Capítulo: 1: Capítulo 1
Era su tercer aniversario y Gloria estaba preparando con alegría una cena suntuosa para su marido.
David había salido por motivos de trabajo, pero volvería a casa en cualquier momento, lo que la ponía nerviosa.
Quería que todo saliera perfecto, tal y como a él le gustaba.
Por eso preparó todos los platos y lo dispuso todo tal y como a David le gustaba.
Tres años de matrimonio quizá no sean algo especial para la gente, pero para Gloria era un gran logro.
Solo ella sabe cuánto esfuerzo había dedicado a mantener estable este matrimonio.
Se sorprendió cuando David le pidió de repente que se casara con él el día de su vigésimo cumpleaños y se casaron en menos de una semana.
Siempre había querido que David fuera su novio desde que tenía doce años, pero nunca se había atrevido a invitarle a salir.
Gloria nunca habría imaginado, ni siquiera en sus sueños más descabellados, que David le pediría de repente que se casara con él y que se convertiría en la señora Collin de la noche a la mañana.

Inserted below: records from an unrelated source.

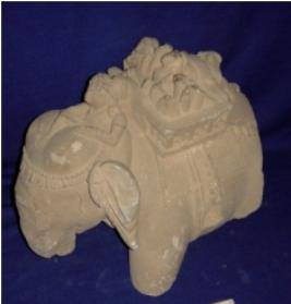 | Description / विवरण | Fragment of an independent sculpture of elephant, whose limbs and trunk is broken. A Mahabat is depicted on the elephant to control it. On the back of elephant, a tank is depicted and in tank, a male is seated flanked by 2 seated females. The elephant s body is adorned with jewels. |
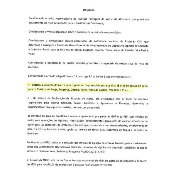 Estado de Alerta Especial de Nível Vermelho - 18 a 22 de agosto 2018 - Despacho do Gabinete Ministro da Administração Interna
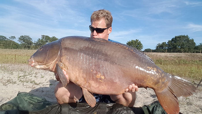 Door het vele natuurlijke voedsel in de plas en door het voeren met onze eigen boilies zijn de karpers enorm in gewicht toegenomen. De kans op een vis boven de 30 pond is zeer groot en daarnaast zwemmen er minimaal 40 karpers boven de 40 pond. Sterker nog: er zwemmen zelfs zo’n zeven vissen van boven de 50 (!) pond op het water rond!
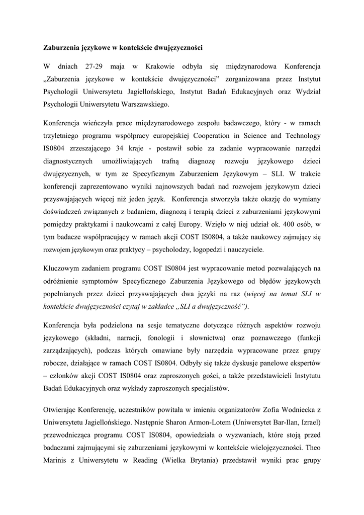 Zaburzenia językowe w kontekście dwujęzyczności W dniach 27
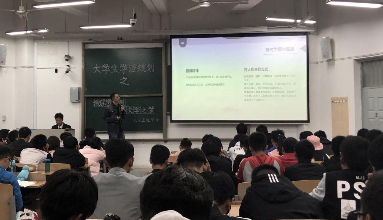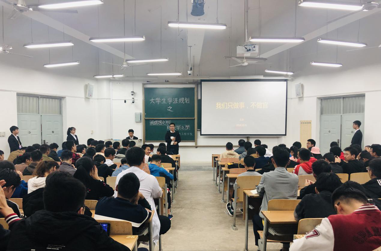 2018年10月31日晚,Beat365中国唯一官方网站在教学楼B-335开展了以“扬理想之帆 逐大学之梦”为主题的大学生学涯规划活动。16级研究生李文森、郑晗、王杰三名同学和2018级全体本科新生参与了此次活动。
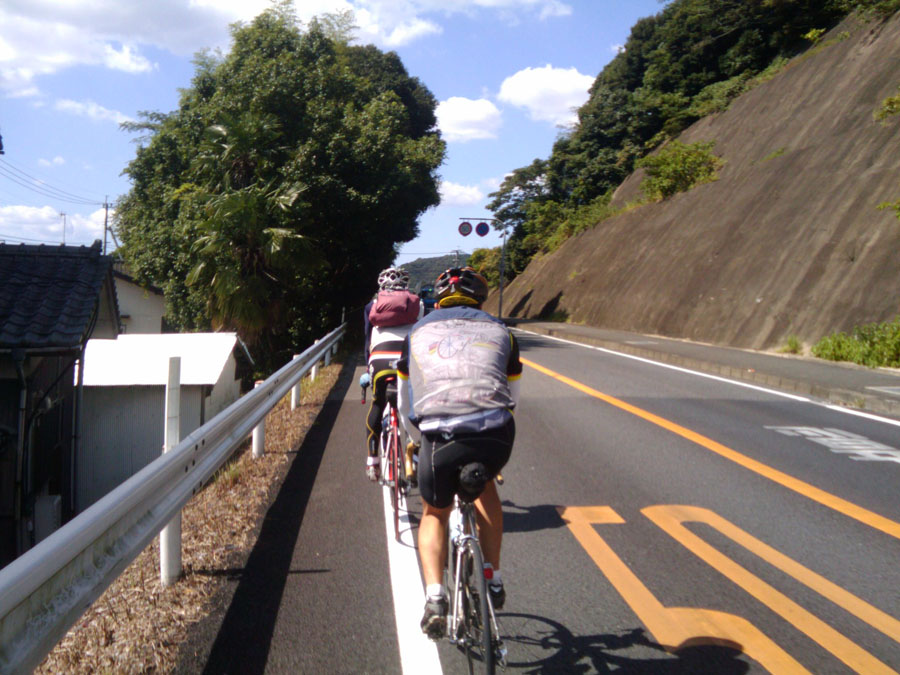 3人組は虹の松原を抜け鏡山方面へ、ヒルクライムしたかったけど(ウソ)そのままスルー。伊万里に入り、道の駅チックな所で休憩。よもぎ餅と柏もちを補給。村稀さんゴチになりました!この頃には、だいぶ暖かくなりウォーマーを脱ぎます。
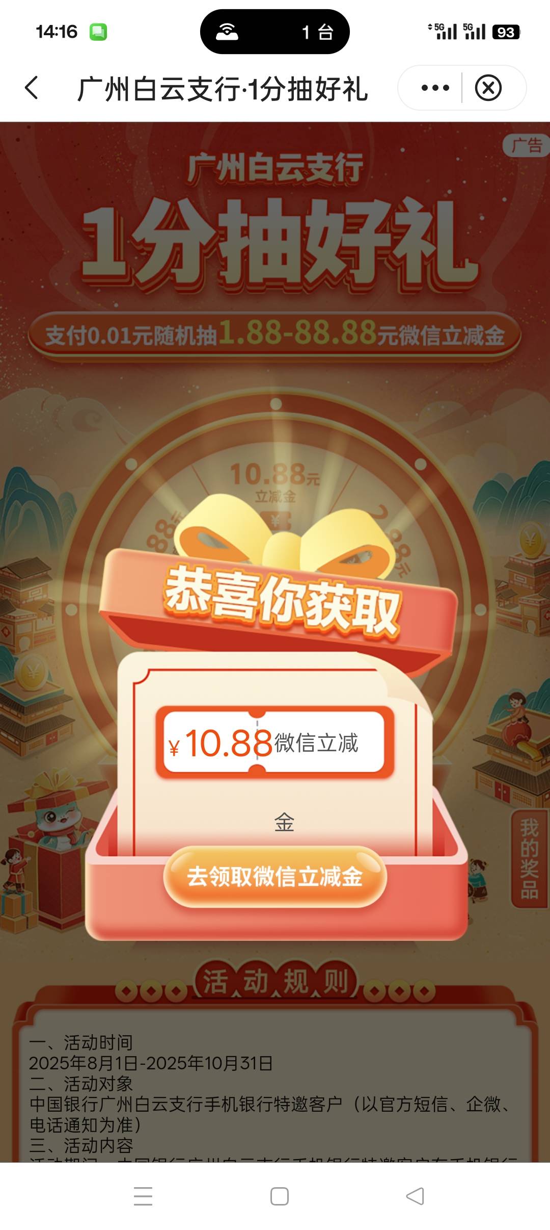 枸杞人参酒 发表于 2025-10-25 14:31 没开卡啊,你没看到我是广州白云我是广州卡
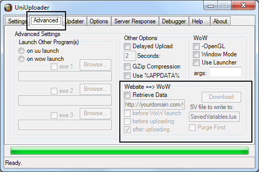 Uniuploader is a client-side program for Windows that many people use to help automate the process of uploading module data files to their web site. The basic idea is that you configure it to point it at the module data file you want to upload, and then you tell it what URL it will upload the file to, and your login info for that URL. Uniuploader will then automatically upload your data file whenever you quit WoW (or whenever you configured it to do so), and thereby (assuming you ran the /gt roster command in-game to update your data file) accordingly update your roster.
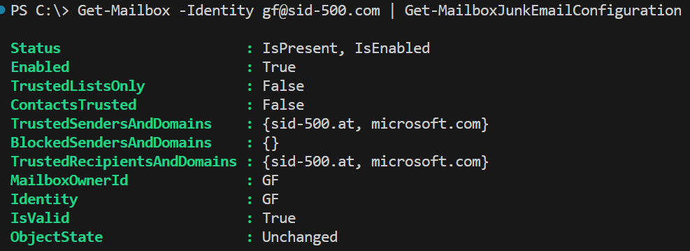 Get-Mailbox -Identity gf@sid-500.com | Get-MailboxJunkEmailConfiguration
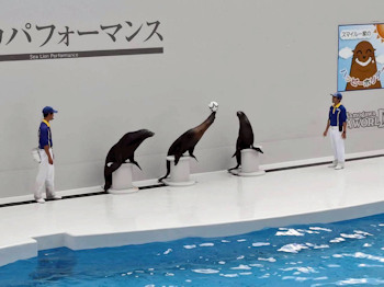| 入口のシャチモニュメント | アシカショウ | シャチパフォーマンス |
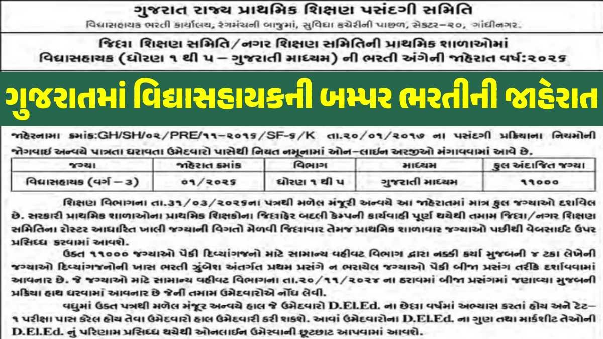 Gujarat Vidhyasahayak Bharti 2026: Std 1 to 5 Gujarati Medium
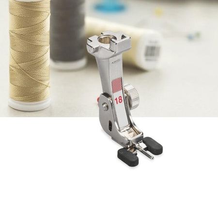 In addition, Button Sew-On Foot #18 has an adjustable middle toe, allowing you to vary the height of the thread shank according to fabric thickness. The middle toe can be flipped up and away when not in use.
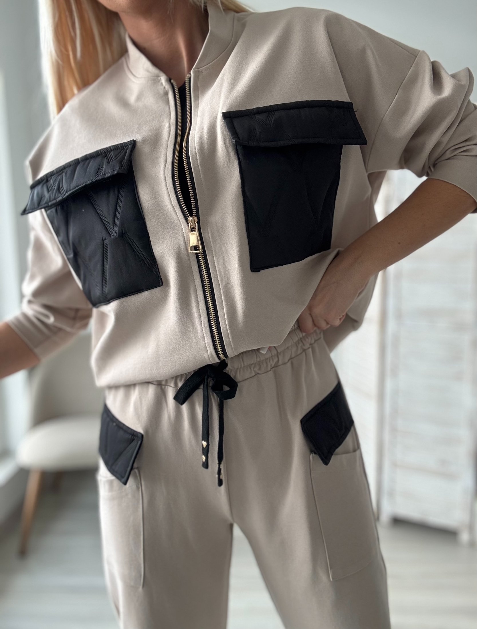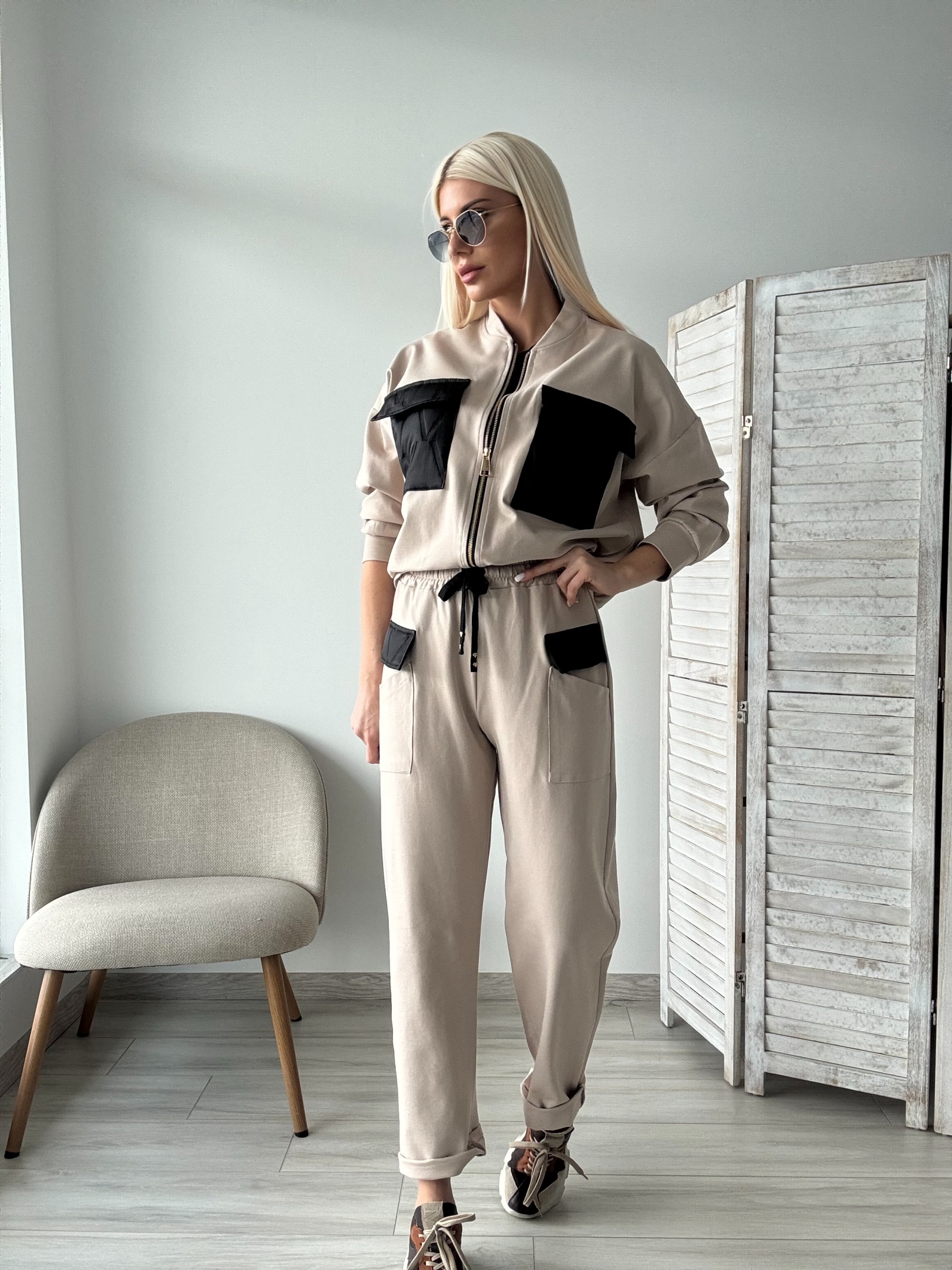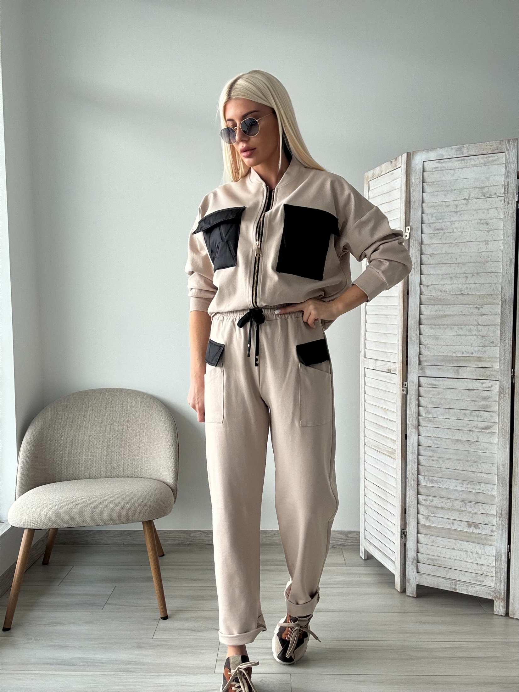 Поръчайте своя бежов спортен памучен комплект с джобове днес и се насладете на перфектната комбинация от комфорт, стил и практичност!

Pero estos tres años no han sido un camino de rosas para ella.
Aunque fue David quien le pidió matrimonio, a lo largo de estos tres años se ha comportado de forma fría con ella.
Nunca era él quien iniciaba una conversación, ni habían compartido ningún momento romántico.
Si no fuera porque hacía el amor con Gloria todas las noches, ella habría pensado que él no la quería.
Pero tras pasar tantos años con él, Gloria pensó que así era como se comportaba normalmente.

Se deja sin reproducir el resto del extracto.